Hallwirth Ulrike, Pomberger Gerhard, Zaknun Daniela, Szepfalusi Zsolt, Horcher Ernst, Pollak Arnold, Roth Erich, Spittler Andreas
Division of Pediatric Surgery, Department of Surgery, University Medical School of Vienna, AKH Waehringer Guertel 18-20, 1090 Vienna, Austria.
Early Hum Dev. 2002 Apr;67(1-2):1-9. doi: 10.1016/s0378-3782(01)00245-6.
Septic complications lead to a high mortality rate in very low birthweight infants (VLBWI). Therefore, prognostic markers for the development of sepsis attach importance to start an efficient therapy as early as possible.
Functional and phenotypical variables of blood monocytes in the cord and peripheral blood were investigated to evaluate the parameters for predicting early-onset and late-onset sepsis (nosocomial infections).

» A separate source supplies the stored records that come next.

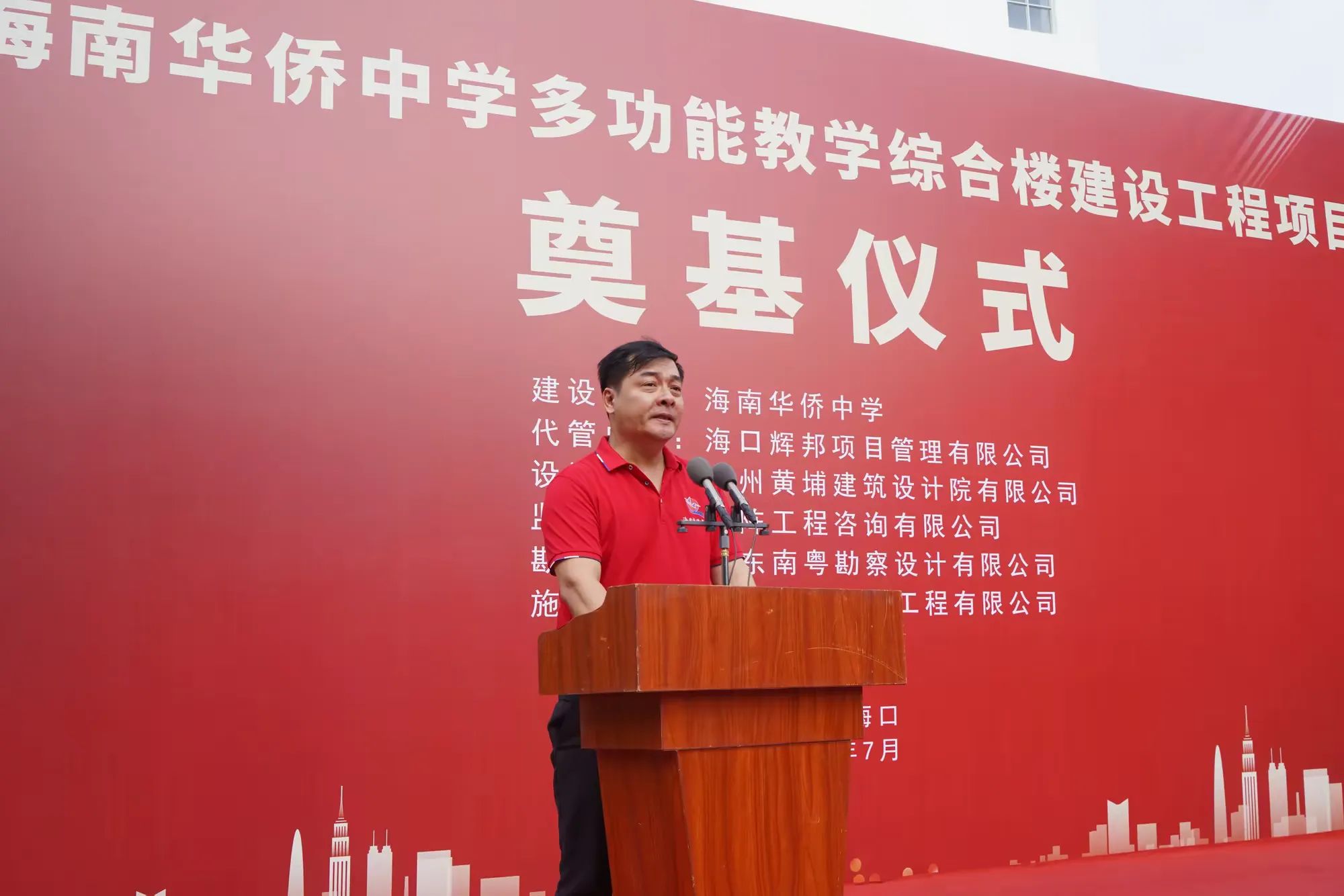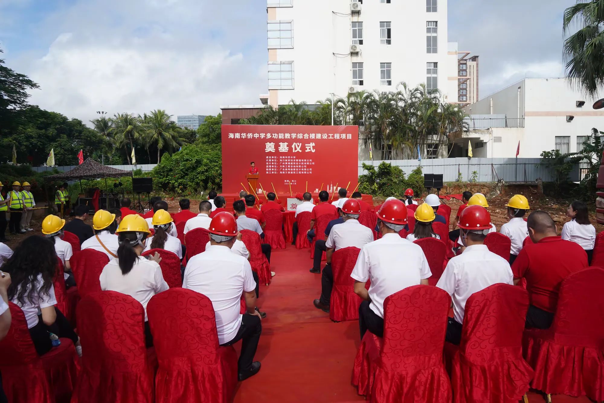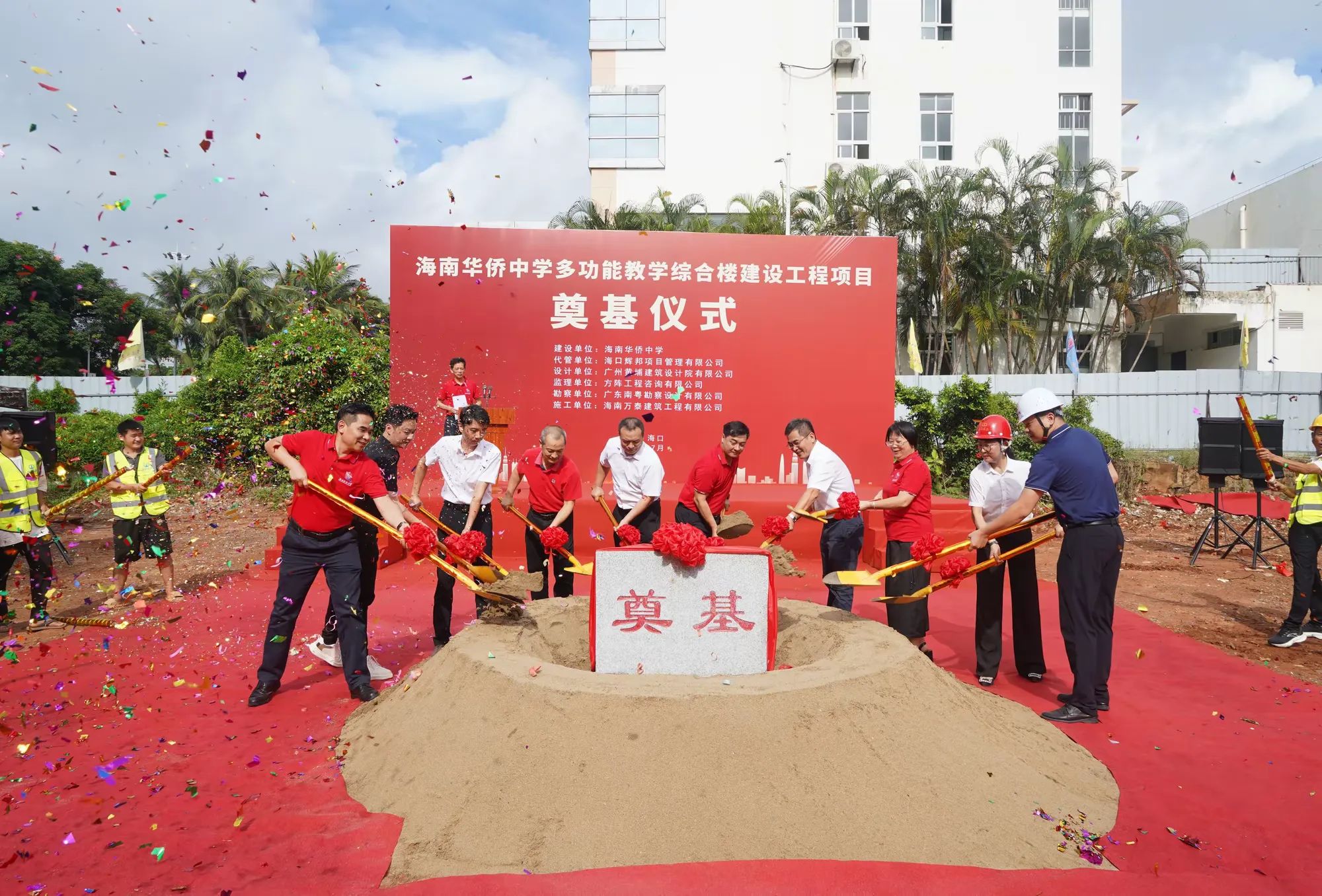 七月綠意爭相艷,書生意氣冠瓊州。7月19日,由海南萬泰建筑工程有限公司承建的海南華僑中學多功能教學綜合樓建設工程項目舉行開工儀式。海口市發改委黨組成員、副主任莊華東,海南華僑中學黨委副書記、校長張偉,黨委委員、副校長吳撼宇,海口市城投集團黨委副書記、董事、總經理孫傳志以及代管、監理、施工單位相關人員參加了本次活動。儀式由海南華僑中學副校長吳澤純主持。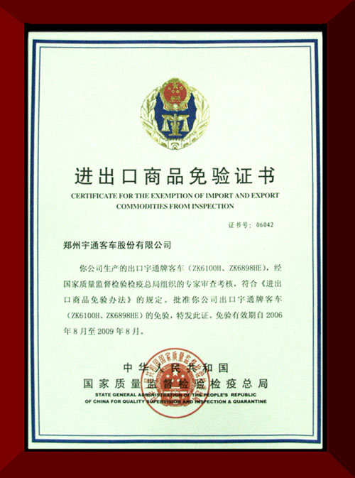 关于批准宇通客车获得"进出口商品免验证书"资格的文件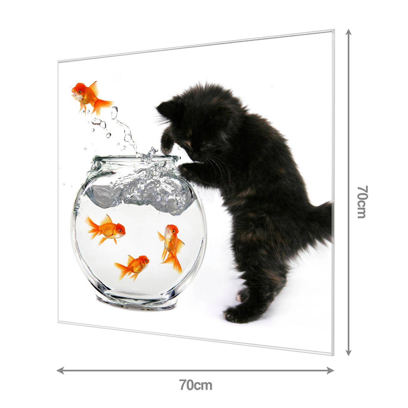 Material: 4mm Sicherheitsglas mit Metallrückwand Eigenschaften: beschreibbar, magnetisch, kratzfest Maße: 70x70x0,6cm, 10,50 kg schwer Motiv Nummer 12355 Katze Und Fisch Zubehör: inklusive 4 Neodym-Magnete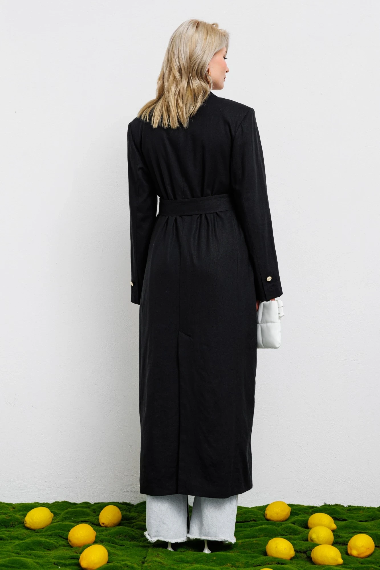 Жакет в пол — однобортный, прямой, с четкой линией плеча, похож на мужские модели, но делает образ женственным. Выполнен из плотного льна на хлопковой подкладке. Для него предусмотрен длинный пояс, который поможет подчеркнуть талию. По низу высокая шлица для удобства при ходьбе. Комбинируйте с брюками или джинсами. Длина - 134 см.

In a prospective study, 25 VLBWI were investigated.
In the cord blood taken immediately after birth, the capacity of the monocytes to phagocytose non-opsonized E. coli bacteria by flow cytometry and the ex-vivo production of tumor necrosis factor (TNF)-alpha, interleukin (IL)-1 beta and IL-6 (enzyme-linked immunoassay (ELISA)) after lipopolysaccharide (LPS) stimulation were measured. At the third day, the HLA-DR expression on the monocytes (flow cytometry) and the LPS-induced cytokine production were measured from the peripheral blood.
Five VLBWI already developed early septic complications after 24-72 h, while the other three infants had late-onset sepsis 10-18 days after birth. The prognostic significance for early-onset sepsis was highest for the decreased monocyte phagocytic capacity (sensitivity and specificity: 100%) and for the LPS-induced formation of TNF-alpha and IL-1 beta in cord blood. Moreover, in septic VLBWI, the HLA-DR expression on the monocytes was lowered on day 3 after birth. The prognostic significance for late-onset sepsis was highest for TNF-alpha and IL-1 beta levels in the peripheral blood on the third day after birth.
The determination of phagocytosis in the cord blood seems to be a reliable parameter for predicting early-onset sepsis and offers the possibility for a forward start of an antibiotic therapy.
脓毒症并发症导致极低出生体重儿(VLBWI)死亡率很高。因此,脓毒症发生的预后标志物对于尽早开始有效治疗至关重要。
研究脐带血和外周血中血液单核细胞的功能及表型变量,以评估预测早发型和晚发型脓毒症(医院感染)的参数。
在一项前瞻性研究中,对25例极低出生体重儿进行了调查。
在出生后立即采集的脐带血中,通过流式细胞术检测单核细胞吞噬未调理的大肠杆菌的能力,并在脂多糖(LPS)刺激后通过酶联免疫吸附测定(ELISA)检测肿瘤坏死因子(TNF)-α、白细胞介素(IL)-1β和IL-6的体外产生情况。在第三天,从外周血中检测单核细胞上的HLA-DR表达(流式细胞术)和LPS诱导的细胞因子产生情况。
5例极低出生体重儿在24 - 72小时后已出现早期脓毒症并发症,而另外3例婴儿在出生后10 - 18天发生了晚发型脓毒症。对于早发型脓毒症,单核细胞吞噬能力降低(敏感性和特异性:100%)以及脐带血中LPS诱导的TNF-α和IL-1β形成具有最高的预后意义。此外,在发生脓毒症的极低出生体重儿中,出生后第3天单核细胞上的HLA-DR表达降低。对于晚发型脓毒症,出生后第三天外周血中TNF-α和IL-1β水平具有最高的预后意义。
脐带血中吞噬作用的测定似乎是预测早发型脓毒症的可靠参数,并为提前开始抗生素治疗提供了可能性。